SC2087 – ShellCheck Wiki

See this page on GitHub


Quote EOF to make here document expansions happen on the server side rather than on the client.

Problematic code:

ssh << EOF
  echo "Logged in on $HOSTNAME"

Correct code:

ssh << "EOF"
  echo "Logged in on $HOSTNAME"


When the end token of a here document is unquoted, parameter expansion and command substitution will happen on in contents of the here doc.

This means that before sending the commands to the server, the client replaces $HOSTNAME with localhost, thereby sending echo "Logged in on localhost" to the server.

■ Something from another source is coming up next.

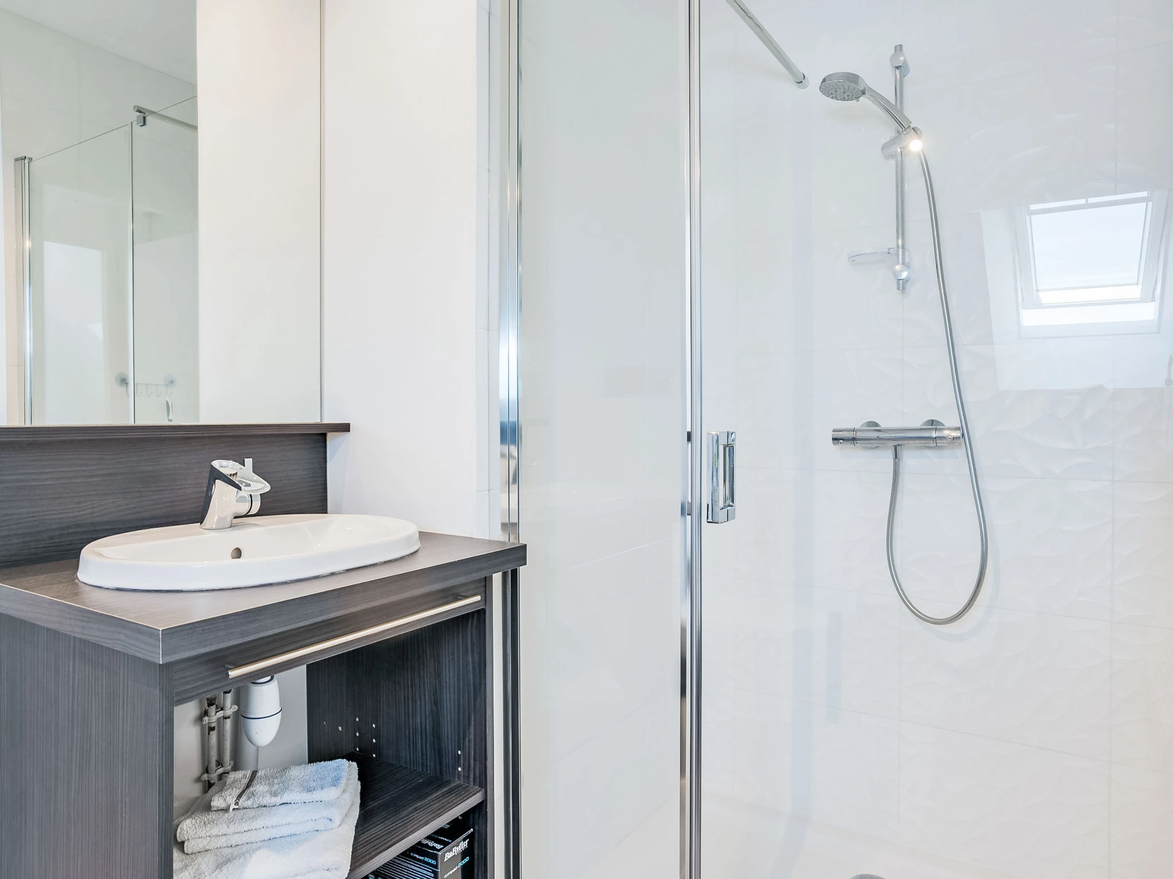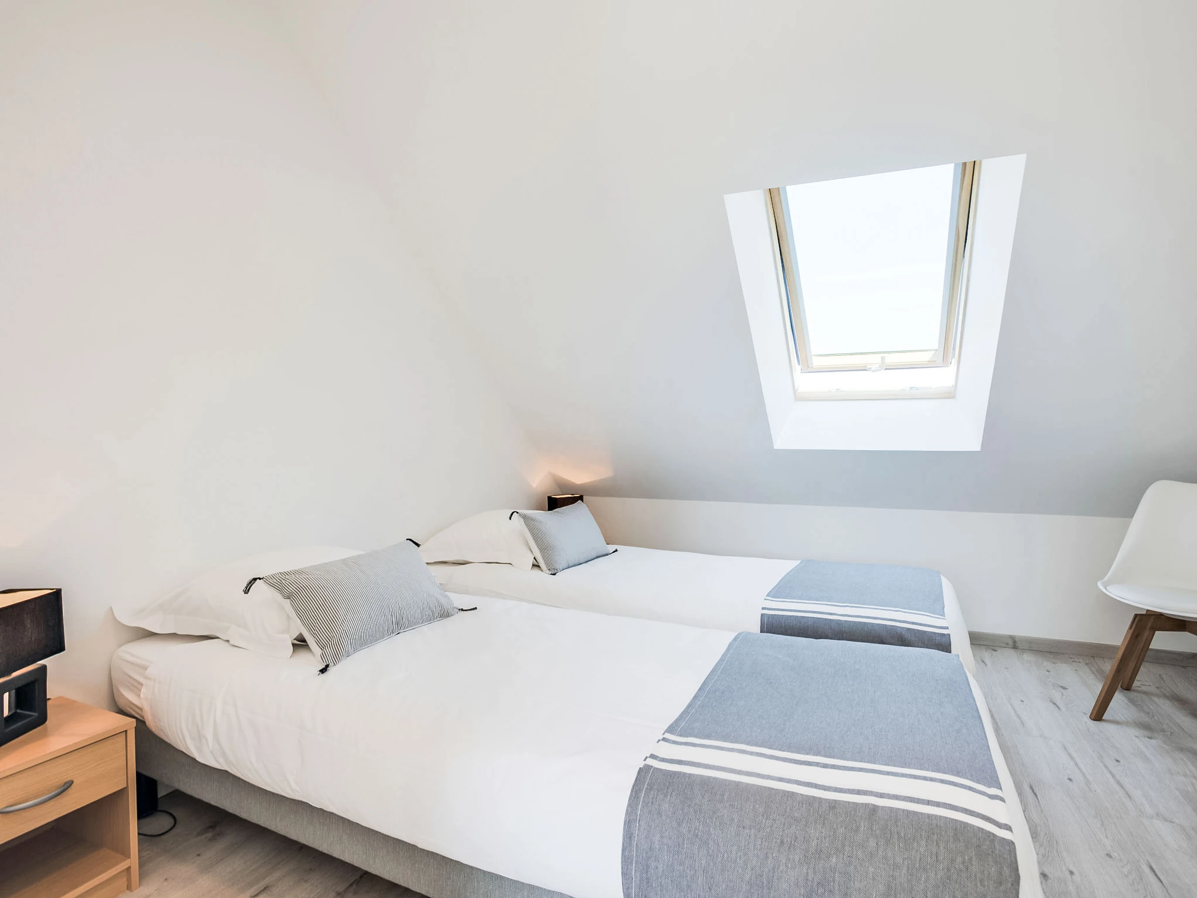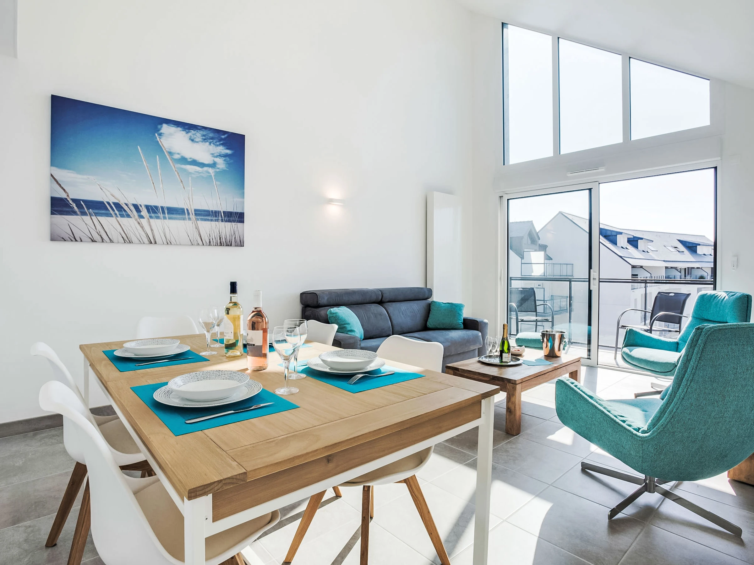Residence "Parc Océan", 50 m [hidden], 3 storeys, built in 2018. In the centre of Quiberon, in the residential district, excellent location: right in the centre but still quiet, 50 m from the sea, from the beach. In the complex: lift, storage room for bicycles. Shop 50 m, grocery, supermarket 1.3 km, restaurant, 3 minute walk to the centre, bus stop 100 m, ferry 50 m, sandy beach "Plage du Port" 50 m, indoor swimming pool 1.5 km, thermal baths "Thalassothérapie de Quiberon" 2 km. Sports harbour 1.5 km, golf course (9 hole) 1.5 km, sailing school 3 km. Nearby attractions: Presqu'ile de Quiberon, Belle ile en Mer, Houat et Hoedic, Carnac et les Alignements 18 km, La Trinité sur Mer 22 km, Vannes 50 km, Lorient 60 km. Hiking paths: Le Golfe du Morbihan. Residence with electric gates. The keys‘ handover takes place by the agency in Quiberon, 2 km.

This has the effect of printing the client's hostname instead of the server's.

Scripts with any kind of variable use are especially problematic because all references will be expanded before the script run. For example,

ssh host << EOF
  x="$(uname -a)"
  echo "$x"

will never print anything, neither client nor server details, since before evaluation, it will be expanded to:

  x="Linux localhost ... x86_64 GNU/Linux"
  echo ""

By quoting the here token, local expansion will not take place, so the server sees echo "Logged in on $HOSTNAME" which is expanded and printed with the server's hostname, which is usually the intention.


If the client should expand some or all variables, this message can and should be ignored.

To expand a mix of local and remote variables, the here doc end token should be unquoted, and the remote variables should be escaped, e.g.

ssh << EOF
  echo "Logged in on \$HOSTNAME from $HOSTNAME"

ShellCheck is a static analysis tool for shell scripts. This page is part of its documentation.